A starving family in a courtyard, featured in Anne Applebaum's new book Red Famine
Daily Mail: The forgotten Holocaust: How Stalin starved four million to death in a grotesque Marxist experiment - which many in Russia STILL deny
Four million Ukrainians were starved to death by Stalin across 1932 and 1933
Some left-leaning figures past and present have sympathised with his regime
But a new book by Anne Applebaum leaves no doubt about his responsibility
One day in the summer of 1933, in a village in Ukraine, then part of the Soviet Union, a little boy woke on top of the family stove. He was starving — not just hungry but genuinely starving.
‘Dad, I want to eat! Dad!’ he cried. But the house was cold and from his father there came no answer.

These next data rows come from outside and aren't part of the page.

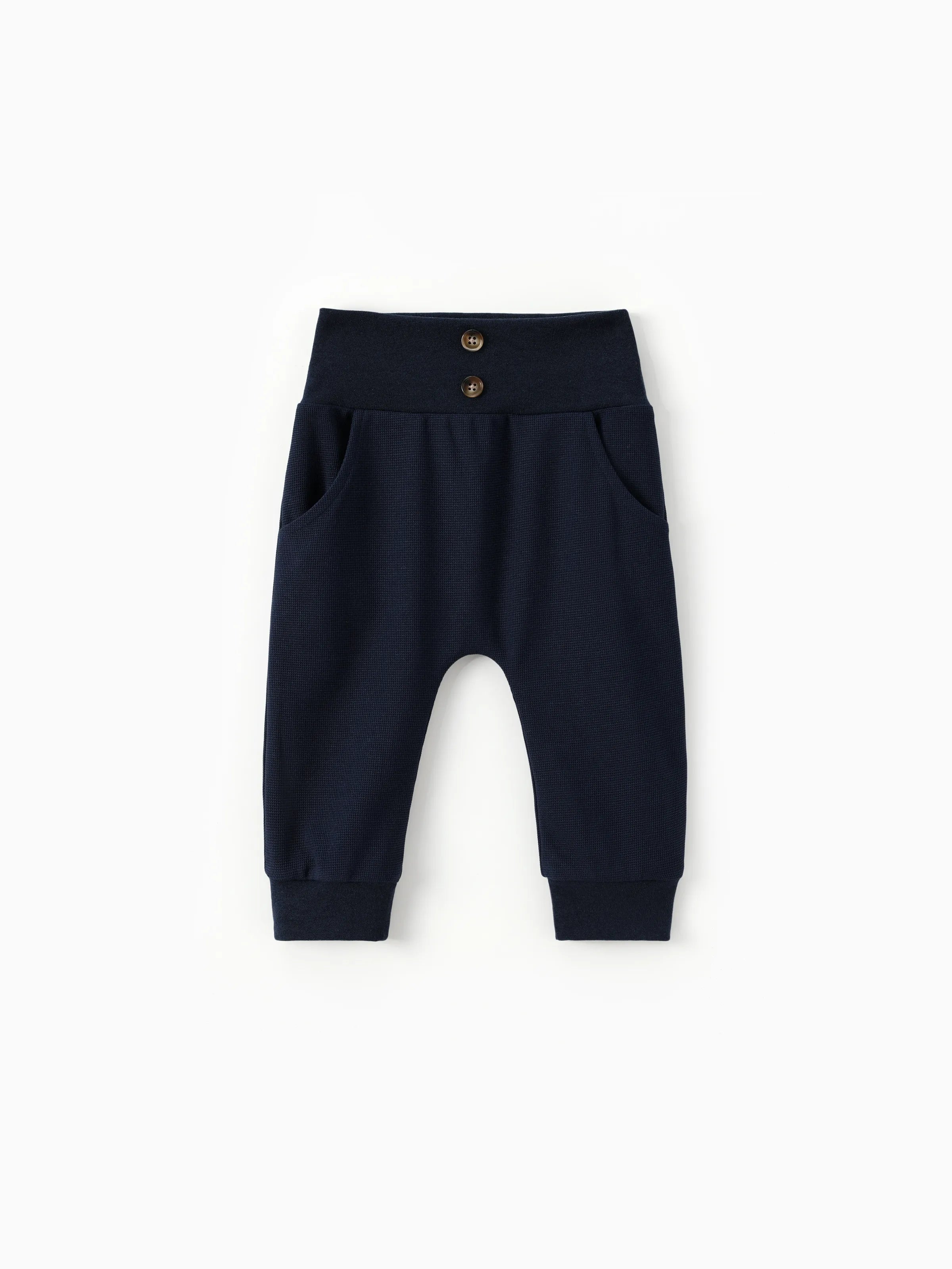 Pantalon taille haute texturé gaufré uni pour bébé garçon/fille, bleu tibétain
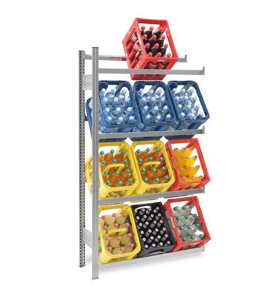 PROREGAL Getränkekistenregal Stecksystem T-Profil Anbauregal HxBxT 175 x 100 x 30 cm Fachlast 100 kg 4 Ebenen für 12 Getränkekisten Verzinkt
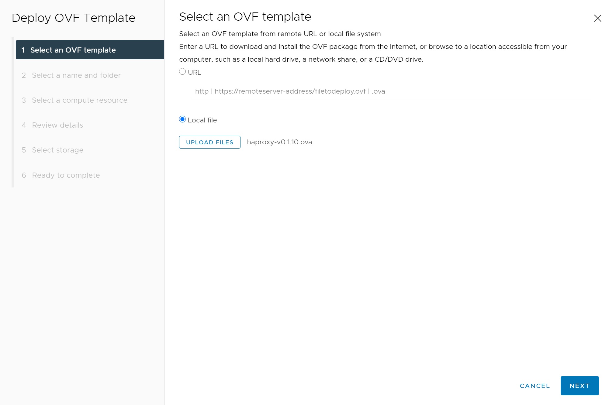 Then we need to setup a HAProxy, you can download from here, this is where most of the networking interaction will happen, if any network needs to access my internal network then it will go via the RedHat router. Now we will create the HAProxy VM, we select to deploy the template selecting the file
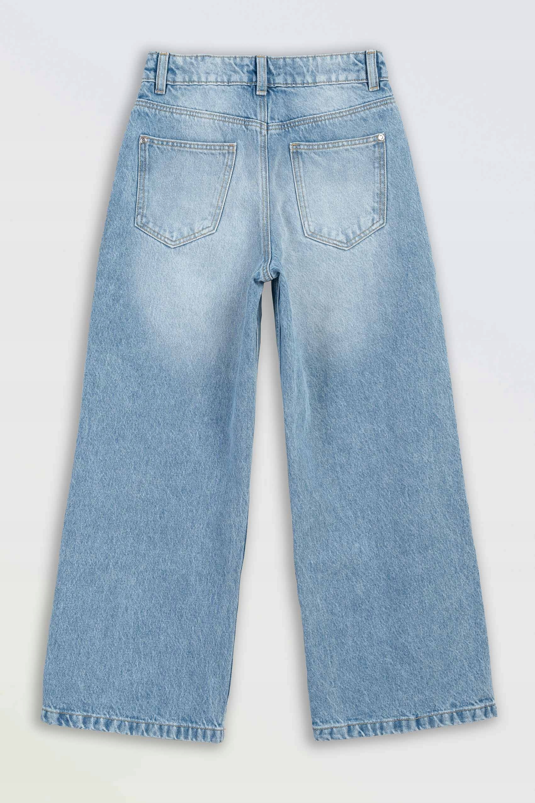 ⭐ джинси світло-блакитних дівчат з пухким розрізом і широкими ногами до обов'язкових для молодих любителів міського стилю. Виготовлений з м'яких бавовняних джинсів , пропонують комфорт протягом усього дня, а ефект стирання надає їм модного характеру.
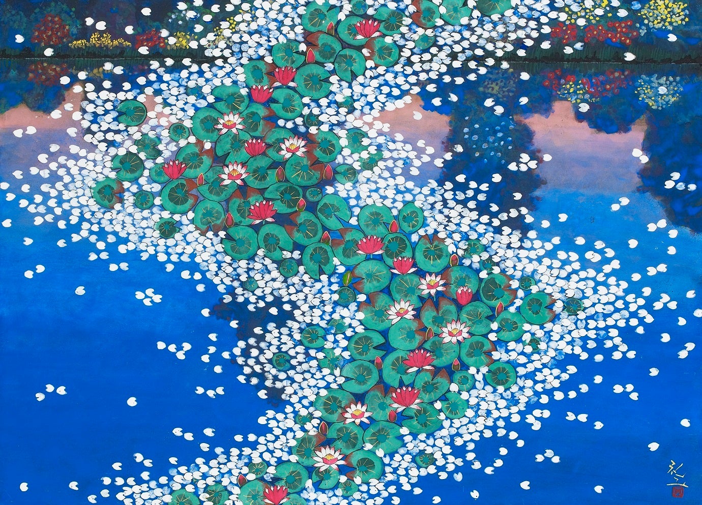 日本画家・平松礼二先生が、2021年、フランスの芸術文化勲章シュヴァリエを受勲されました。平松先生は、1994年にパリのオランジュリー美術館でモネの大作『睡蓮』と出あい、その後『印象派ジャポニスムを検証する旅』により新境地を開拓されました。そして2013年にジヴェルニー印象派美術館の「平松礼二・睡蓮の池・モネへのオマージュ展」開催、その後ドイツ・ベルリン国立アジア美術館への巡回、2018年のジヴェルニー印象派美術館の再度の開催など大成功をおさめ、国内にとどまらず、海外からも高い評価を得ています。その長年にわたる画業の研究、発表の功績が受勲につながっています。この度、それを記念して、小品から屏風までの作品を一堂に展覧いたします。
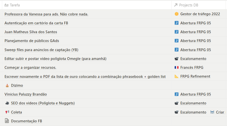 A foto abaixo mostra as mesmas tarefas da foto anterior, mas a coluna da direita demonstra agora os projetos aos quais elas estão ligadas.
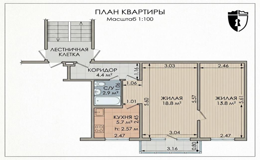 • Общая площадь: 45.6 м²
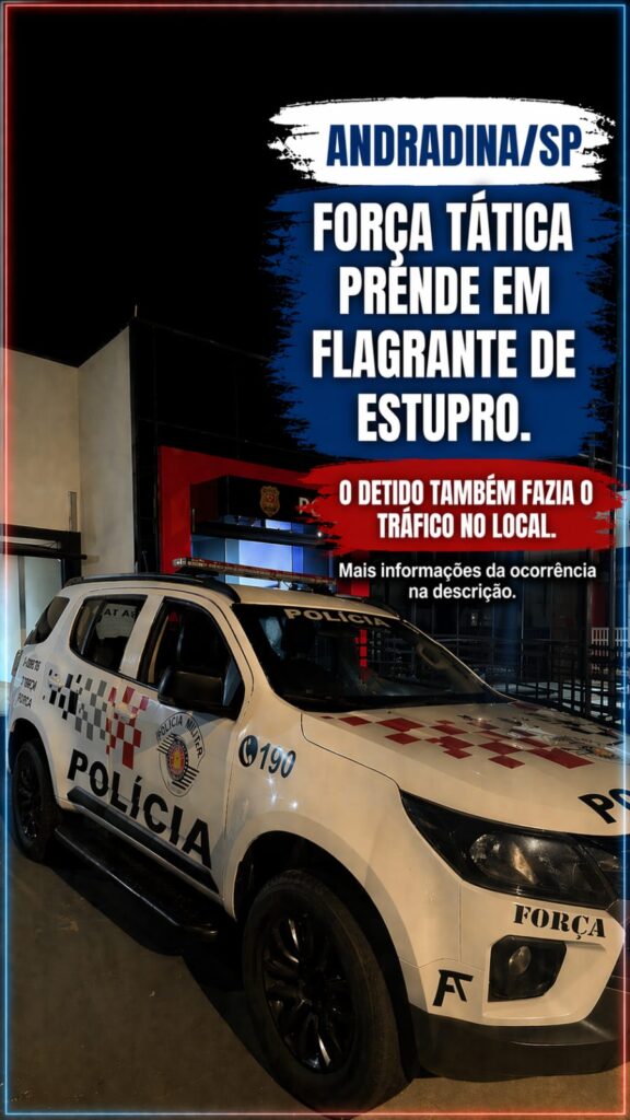 Na noite de 20 de abril de 2026, por volta das 21h, uma equipe da Força Tática do 28º Batalhão de Polícia Militar do Interior (28º BPM/I) realizou a prisão em flagrante de um indivíduo de 19 anos pelos crimes de estupro e tráfico de entorpecentes, no município de Andradina.Durante patrulhamento no bairro Benfica, os policiais receberam denúncia acerca da prática de tráfico de drogas em uma residência da região. Diante das informações, foi estabelecido ponto de observação, sendo constatada movimentação compatível com o comércio ilícito de entorpecentes.Um indivíduo de 26 anos foi abordado após sair do imóvel denunciado, sendo localizada em sua posse uma porção de maconha. Questionado, informou ter adquirido o entorpecente no referido local, corroborando a denúncia inicial.Na sequência, os policiais procederam à abordagem do suspeito indicado. Durante vistoria no interior da residência, foram apreendidos R$ 67,00 em espécie, uma balança de precisão e diversas porções de drogas já fracionadas, incluindo cocaína, crack e maconha. No local, também foi encontrada uma adolescente de 17 anos, a qual relatou ter sido vítima de estupro praticado pelo indivíduo detido. Segundo o depoimento, a vítima havia se dirigido à residência para dialogar com o suspeito, ocasião em que, após discussão, foi constrangida mediante violência. A ação teria sido interrompida com a chegada da equipe policial.Diante dos fatos, foi dada voz de prisão em flagrante ao suspeito, que foi conduzido ao Centro de Polícia Judiciária (CPJ), permanecendo à disposição da Justiça.O indivíduo abordado inicialmente foi autuado por porte de entorpecentes e liberado após os procedimentos legais.A vítima foi acompanhada por sua genitora para atendimento médico e demais providências cabíveis.A atuação da Força Tática reforça a importância do policiamento ostensivo no enfrentamento ao tráfico de drogas e na repressão a crimes graves, contribuindo para a segurança pública.
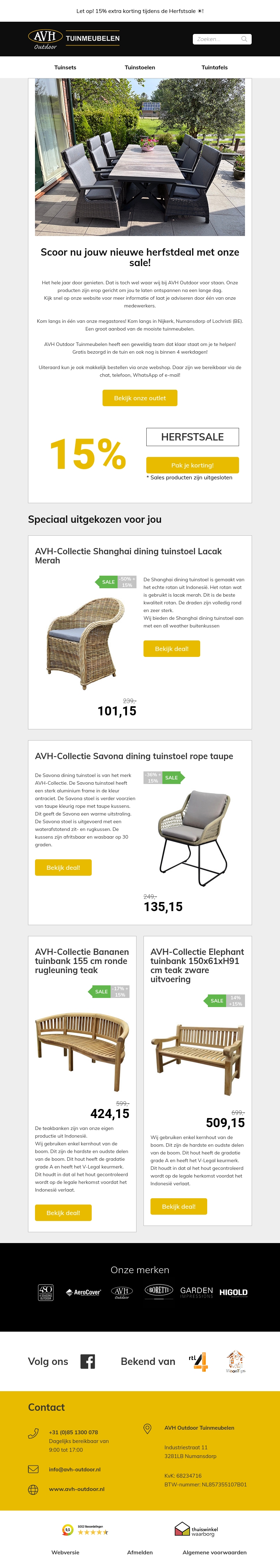 Profiteer nu van 15% extra korting op geselecteerde tuinmeubelen tijdens de herfstsale bij AVH Outdoor. Ontdek onze nieuwe collectie en geniet van de beste deals. Wees er snel bij want op=op! Bekijk onze outlet voor nog meer kortingen.
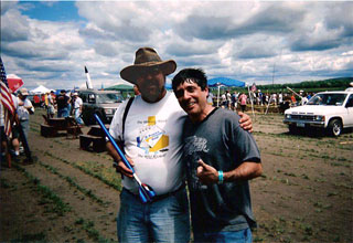 The smiling man on the left (shaded by the hat) holding the Long
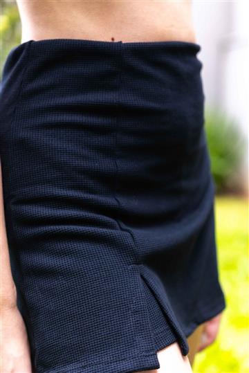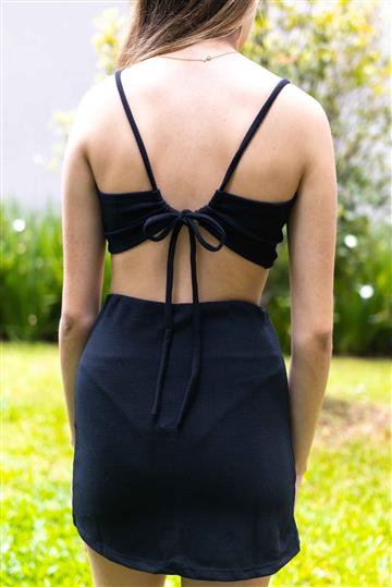 Conjunto em malha com cropped de amarração e bojo Saia short com elástico na cintura e leve fenda na frente
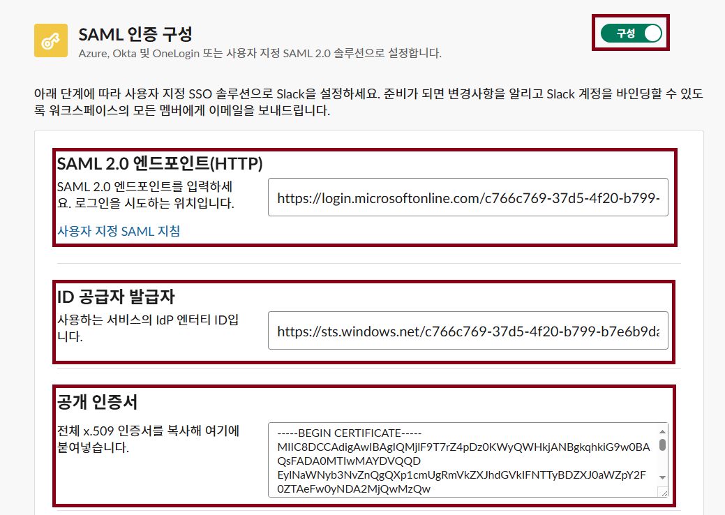 Slack SAML 인증 구성 페이지에 접속해주세요
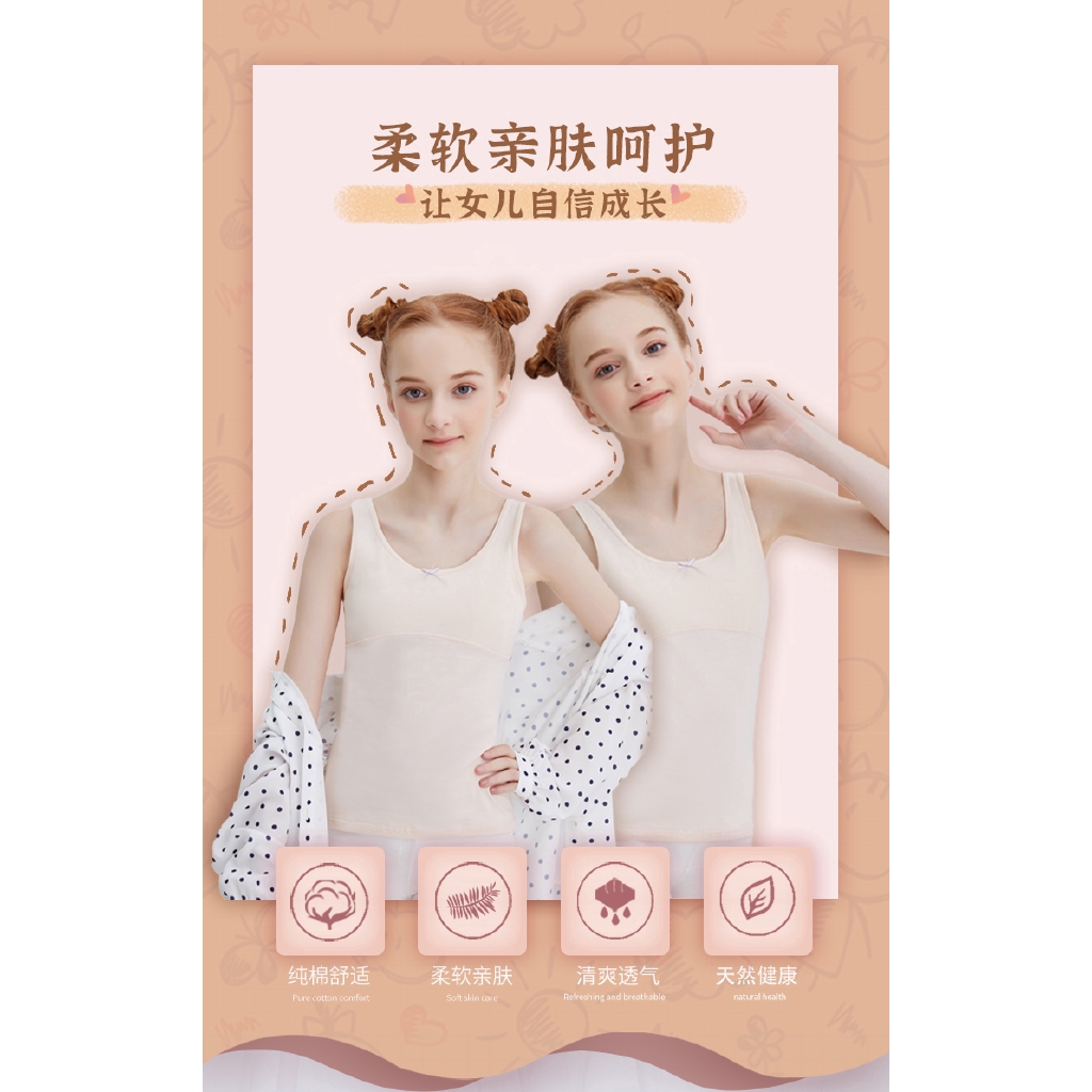 Wear cotton sleeveless vest girls tops girl in the development of anti-bump-year-old underwear sports vest pupils
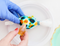 - After putting on your protective gloves (trust us, you don’t want your hands to get dyed), use the food coloring to directly blot small drops of color onto the egg. Keep in mind, the color will spread as it touches the wet surface, so less is best. You can always go back to add more!
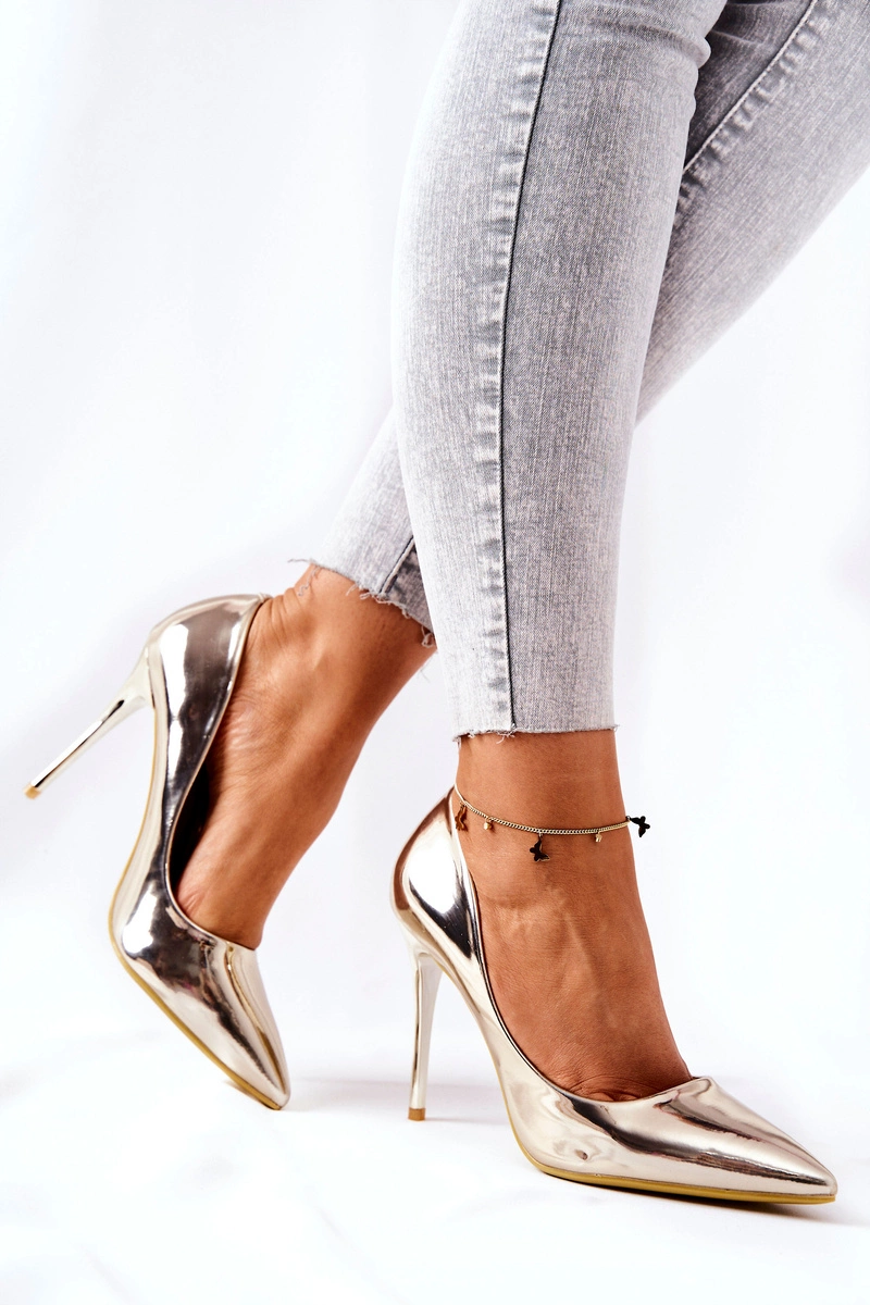 Eleganckie Lustrzane Szpilki Złote Adrinnah

The boy went over to his father, who was apparently still asleep. There was ‘foam under his nose’, he remembered. ‘I touched his head. Cold.’
Read more ....
WNU Editor: My father grew up in Ukraine during the famine (he was 12) .... and the memories from that experienced haunted him throughout his life. I know that if he was alive today he would be critical of this Daily Mail article. The author's focus is that Russians are in denial that the famine occurred .... I do not now what she is talking about .... no one I know in Russia is in denial on what happened. And if my father was alive today .... he would remind everyone that during the Ukraine famine the Communists did not care on who died .... and that many Russian-Ukrainians also perished. A point that appears to be absent in this book.
3 comments:
WNU,
Slightly in her defense. She seems of that generation that grew up on the outside and only heard what was considered prevailing wisdom of the time. While those that were there tell a very different story. That being said, since she is a "professional" in this field she should have known better, but she and unfortunately most of her ilk do not.
THE VICTORY OF UKRAINE
Here this author reviews 3 books on the topic...a good read
Thank you for the link Fred. I just read it, and it just confirms my opinion of the author (i.e. she sees Ukraine as Ukraine, and Russian-Ukrainians are a small and insignificant group). Her remarks on the hunger and starvation that was witnessed in Kharkiv during the famine ... and quoted by the reviewer .... is telling. Kharliv is the second largest city in Ukraine, and one of my aunts live there. Kharkic is also a city where the majority of the population has/is Russian. The famine did hit Kharkiv hard .... as she notes .... but no mention that it was the Russian population in the city .... along with the Ukrainians .... who suffered. I am not surprised .... no. It conflicts with her narrative that it was the Ukrainians who were the only ones who suffered, and it is fault of Russia.